As certain countries, cities, and states begin to see stabilizing or falling rates of virus transmission, many are asking the question, “How do we return to normal?” One of the most discussed and debated plans for doing so is widespread testing of the population to determine if prior exposure to (and recovery from) COVID-19 has occurred. For many diseases, the presence of antibodies (“custom” immunity proteins created after having an infection) in an individual’s blood can indicate that this exposure and recovery has occurred. Testing for antibodies for SARS-CoV-2, the virus that causes COVID-19, is being studied extensively by the Centers for Disease Control and Prevention (CDC) and other private companies. Many hope that antibody testing will be the answer, but currently the market has been flooded with tests with unknown accuracy . Here are the top three areas that scientists and researchers are working hard to better understand.
  1. Researchers are working to understand if antibodies actually confer future immunity.
    So, the question is: if you have antibodies to SARS-CoV-2, does this protect you from getting COVID-19? To best understand this challenge, we can consider three fairly well-known human diseases: Varicella-Zoster (chickenpox), Clostridium tetani (tetanus), and Human Immunodeficiency Virus (HIV). While the body creates post-infection antibodies for all three diseases, the clinical course of immunity and resistance varies widely. Once someone has been infected with the chickenpox virus, it is virtually impossible for the infection to occur a second time. For tetanus, immunity is transitory, meaning protection lasts for some time but does not a lifetime, and vaccine regimens require boosters. And finally, individuals who have been infected with HIV typically have large amounts of antibodies in their blood, but these do nothing to clear or resolve the infection. Scientists around the world are rapidly collecting data to understand, for COVID-19, 1) how long antibodies tend to stick around after someone has been infected, 2) if these remaining antibodies are actually able to clear the virus effectively, and 3) what antibody levels would be necessary to support long-term immunity. Surveillance trials are well underway to better understand the relationship between antibody presence and immunity.
  2. Tests in the pipeline are being vetted by government bodies to ensure they are giving highly accurate results.
    No clinical or diagnostic test is perfect, but validation testing can ensure they are consistently accurate, save for a tiny percentage of outlier results. When new tests are developed, they are generally compared to a well-vetted, existing, often more complicated or expensive test to ensure they can deliver a consistently comparable result. This is important because each time a diagnostic test is given, one of three things can occur: (1) the test can correctly tell an infected person they are infected, (2) the test can incorrectly tell an infected person they are not infected, or (3) the test can incorrectly tell a non-infected person that they are infected. The latter two situations are known as false negatives, and false positives, respectively. Currently, the FDA has granted emergency use approval to only a small number of manufactured tests, with higher specificity and sensitivity. A high specificity means that a test almost never gives false positives, and a high sensitivity means a test almost never gives false negatives. Tests with high percentages of both are likely to give a spot-on result nearly every single time. If you are getting an antibody test, make sure it is with one of these FDA approved tests.

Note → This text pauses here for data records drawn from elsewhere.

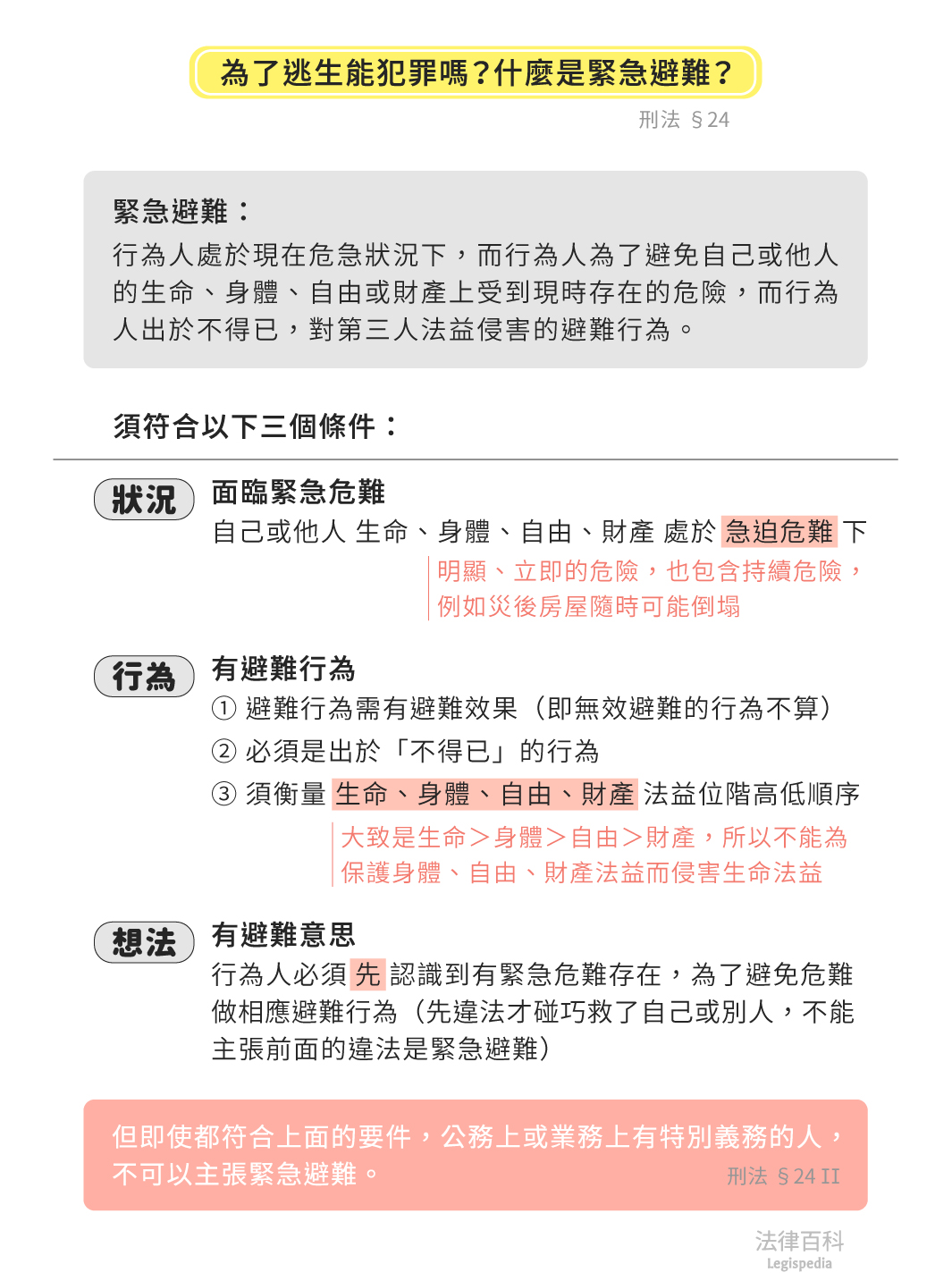 所有文章 / 刑事犯罪 / 刑法原則 為了逃生能犯罪嗎?什麼是刑法上的「緊急避難」? 緊急避難 避難行為 緊急危難 阻卻違法事由 違法性 文:王劭農(認證法律人) 刊登於 2023-11-03 最後更新於 2024-01-12 A至外地出差投宿汽車旅館。在夜深人靜休息時,突聽聞警鈴大作而驚醒,這才發現旅館失火且火勢猛烈,轉眼間門把已相當燙手無法開門逃生,為了保全生命只好打破房間落地窗自二樓逃生,A是否成立刑法毀損罪? A將旅館房間的落地窗打破,可能成立刑法第354條毀損罪[1]。不過此時A處於旅館失火,自己有生命危險的「緊急危難」中,又無法透過一般逃生路線離去,「不得已」之下只好打破落地窗逃生,因此可能依據刑法第24條第1項緊急避難的規定,「因避免自己或他人生命、身體、自由、財產之緊急危難而出於不得已之行為,不罰。[2]」主張不成立毀損罪。以下分別討論刑法第24條緊急避難的要件。(見圖1) 圖1 為了逃生能犯罪嗎?什麼是緊急避難? 資料來源:王劭農 / 繪圖:Yen 一、面臨緊急危難 依照刑法第24條第1項規定,只有在威脅自己或他人「生命、身體、自由、財產」的急迫危難下,才能主張緊急避難: (一)限於避免「生命、身體、自由、財產」受損 緊急避難可能損害其他無辜人的利益,因此只有條文當中明文列出的這4種法益受到侵害時才能適用。火災已造成A失去生命或身體受傷的危險,危害A的生命與身體法益,符合本要件。 (二)危難必須緊急 迫在眉睫、即將發生的「明顯、立即危險」當然算,如本例中的火災。另外,還包含「持續危險」[3],例如火災後該旅館結構受損搖搖欲墜、隨時可能倒塌,旅館主人卻堅持不拆除,周圍建築物屋主僱用工程團隊拆除該旅館也適用此規定。 二、避難行為 (一)需要具有避難效果 必須是能達到避免危險的目的的有效手段[4]。假設A於過程中把房間內電視砸毀,而毀損電視無助於A逃生,因此對於毀損電視的行為無法主張緊急避難。 (二)必須是出於「不得已」的行為 刑法第24條第1項規定「出於不得已之行為」,這裡的「不得已」是指除了所使用手段外,已經別無他法[5]。因為緊急避難行為的侵害對象通常是無辜的人,因此假如當時還有逃跑、報警等不會侵害他人或至少侵害較小的方式,就不符合此要件。 案例中,旅館失火且門把已經高溫、燙手,未必等得到消防人員及時趕到,此時A除了打破二樓落地窗,難以想像還有其他逃生手段,則A打破落地窗的行為應該可以認為是一種符合本要件的不得已手段。 (三)法益衡量 緊急避難之所以允許行為人侵害無辜人權益而不會受到懲罰,是因為避難行為所保護的法益超過所犧牲的法益,對於社會整體來說有益,因此例外不處罰。 衡量的標準可以從法益位階的高低來判斷,判斷標準大致上是:生命[6]>身體>自由>財產,所以不可以為了保護財產、自由或身體法益,損害生命法益[7]。假如兩種利益相等、甚至被侵害的利益較小,由於沒有增進整體社會利益,也就無法透過緊急避難主張不成立犯罪。 案例中A的生命安全的法益位階高於旅館落地窗(財產),所以允許A為了保護自己的生命而犧牲他人的財產,毀損落地窗的行為不會受到刑法處罰。 三、避難意思 行為人必須先認識到有緊急危難存在,為了避免危難做相應避難行為[8]。如果沒有發現有緊急危難,先違法之後才碰巧發現救了自己或其他人,就無法主張先前的違法行為是緊急避難[9]。例如宋代的司馬光發現水缸中有小孩受困,為了救人打破水缸,如果司馬光在現代臺灣,就可以主張緊急避難;但假如司馬光一開始沒發現有小孩受困,因為其他原因故意打破水缸,之後才發現恰巧救了受困的小孩,對打破水缸的行為仍無法主張緊急避難[10],而可能成立刑法毀損罪[11]。 四、公務、業務上限制 即使都符合上面的要件,但刑法第24條第2項規定,公務上或業務上有特別義務的人,不可以主張緊急避難[12]。例如警察本身有維護治安的義務,因此面對持槍械歹徒時,應該照職務上訓練呼叫增援圍捕等,不能為了自己的安危破門闖入一般無辜民眾家中避難。 但為了避免限制過於苛刻,如果所面臨風險與他業務會遇到的通常危險無關,則不受限制,仍可主張緊急避難[13]。例如一般公家機關負責文書、行政的科員碰到持槍械歹徒,由於與歹徒對峙並不是科員的職責,若他的行為符合法定要件,依然成立緊急避難。 延伸閱讀 洪偉修(2022),《為了壓制小偷造成對方受傷,有罪嗎?什麼是正當防衛?》。
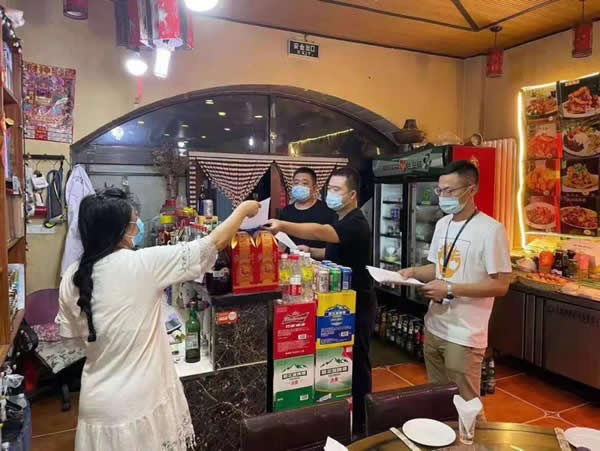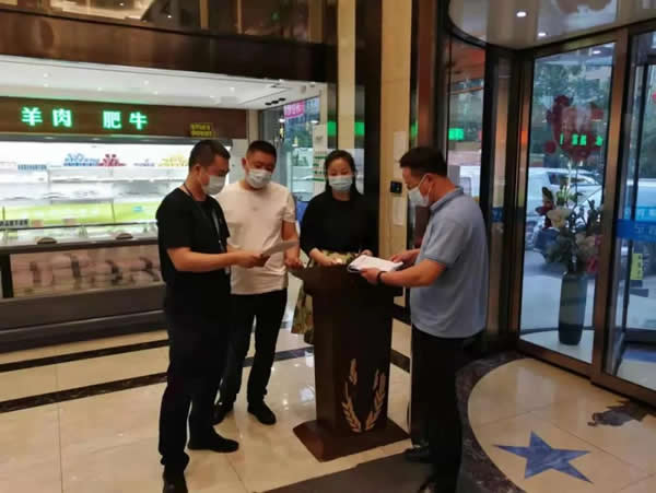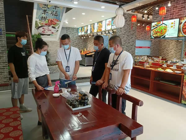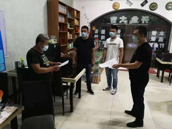 下午13時,我與志州對轄區2家大型餐飲場所進行了日常巡查,局里負責督導的兩位同志就趕到啦。我們4個人一起投入疫情防控工作中。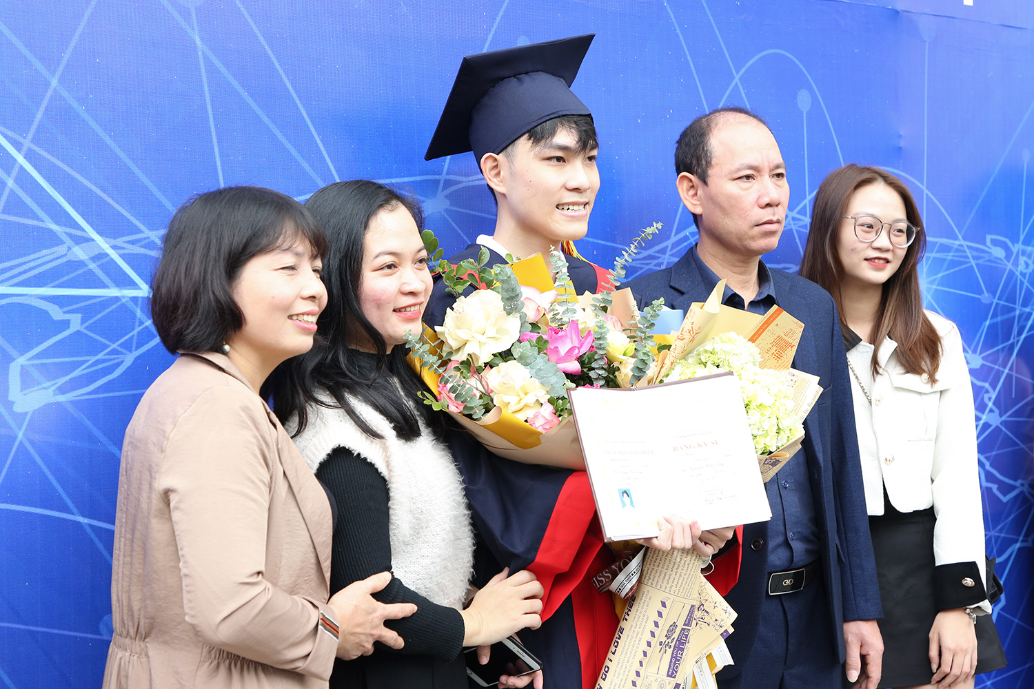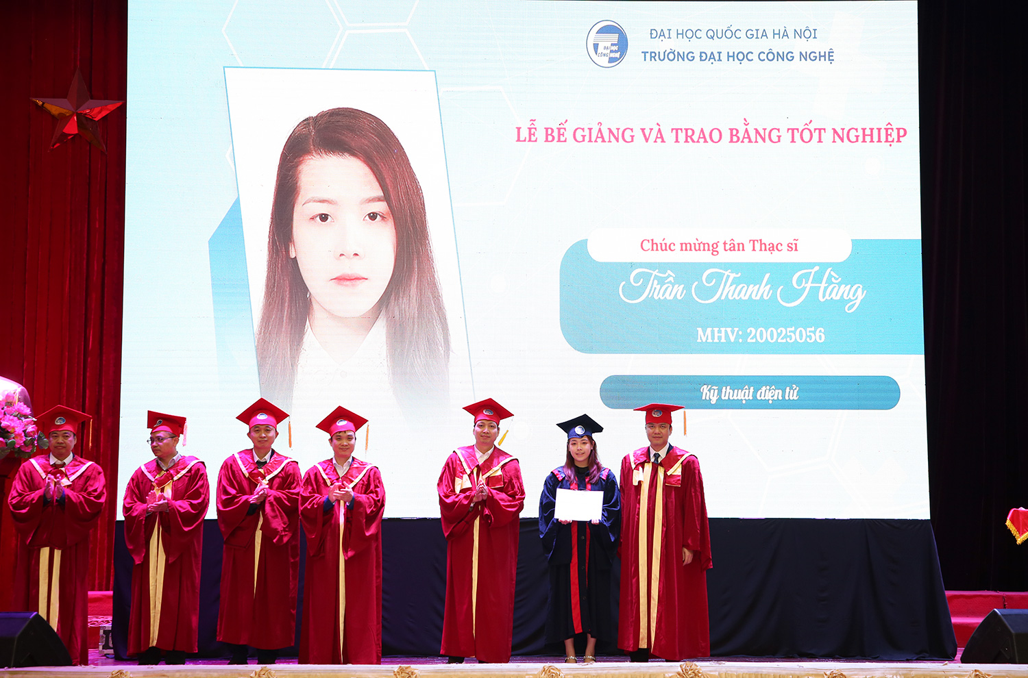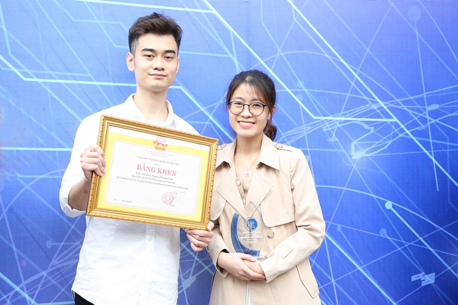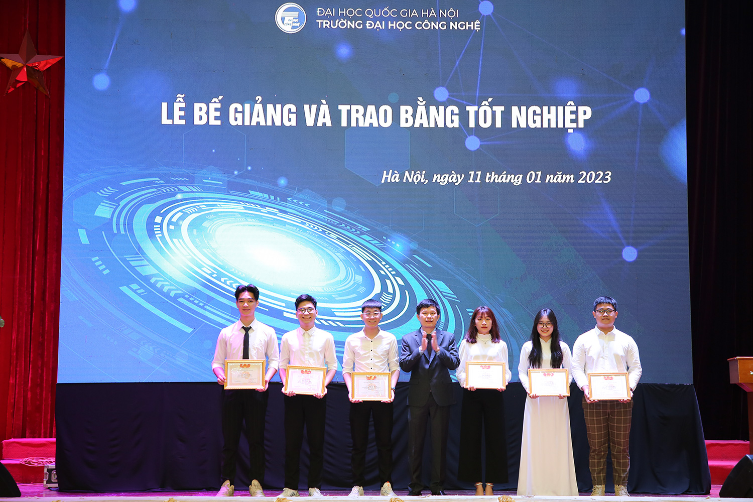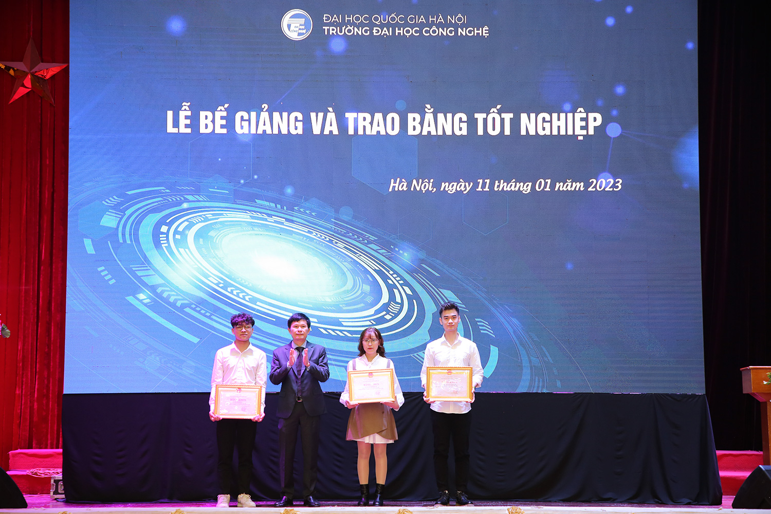 Phó Hiệu trưởng Nguyễn Anh Thái trao Bằng khen của Giám đốc ĐHQGHN cho các tân cử nhân là thủ khoa đầu ra gồm Trần Nguyễn Phương Nam (ngành Mạng máy tính và Truyền thông dữ liệu), đồng thủ khoa ngành Công nghệ kỹ thuật xây dựng là Cao Thị Phương Anh và Trịnh Đức Đô

  3. Test timing is important, and should be taken into consideration when interpreting results.
    According to the CDC, for most people who have been infected with SARS-CoV-2, it takes at least 1-3 weeks for their bodies to produce antibodies. This timing is important, as it means that those who test for antibodies soon into their course of infection could make the incorrect assumption they were never infected, when in fact they had been infected and just not yet produced antibodies. Conversely, if someone tests early after being infected, but does have antibodies present, they could assume incorrectly that they are not a current COVID-carrier and abandon social distancing practices. Because we cannot rule out that someone with antibodies can still spread the disease, social distancing practices remain important.

The FDA is actively working across all sectors to collect the data needed to quickly and efficiently understand how we can use antibody tests to fight COVID-19 and begin to return to normal. In the meantime, you can view which tests have been given emergency authorization here. Already taken an antibody test? Be sure to check out the CDC’s guidance on how to interpret your results and what to do next.

Disclaimer: The information in this story is accurate as of its publication. However, the situation surrounding COVID-19 is ever-evolving. We are working to keep our stories up-to-date as changes occur, but we also encourage everyone to check news and recommendations from the CDC, WHO, and their local authorities.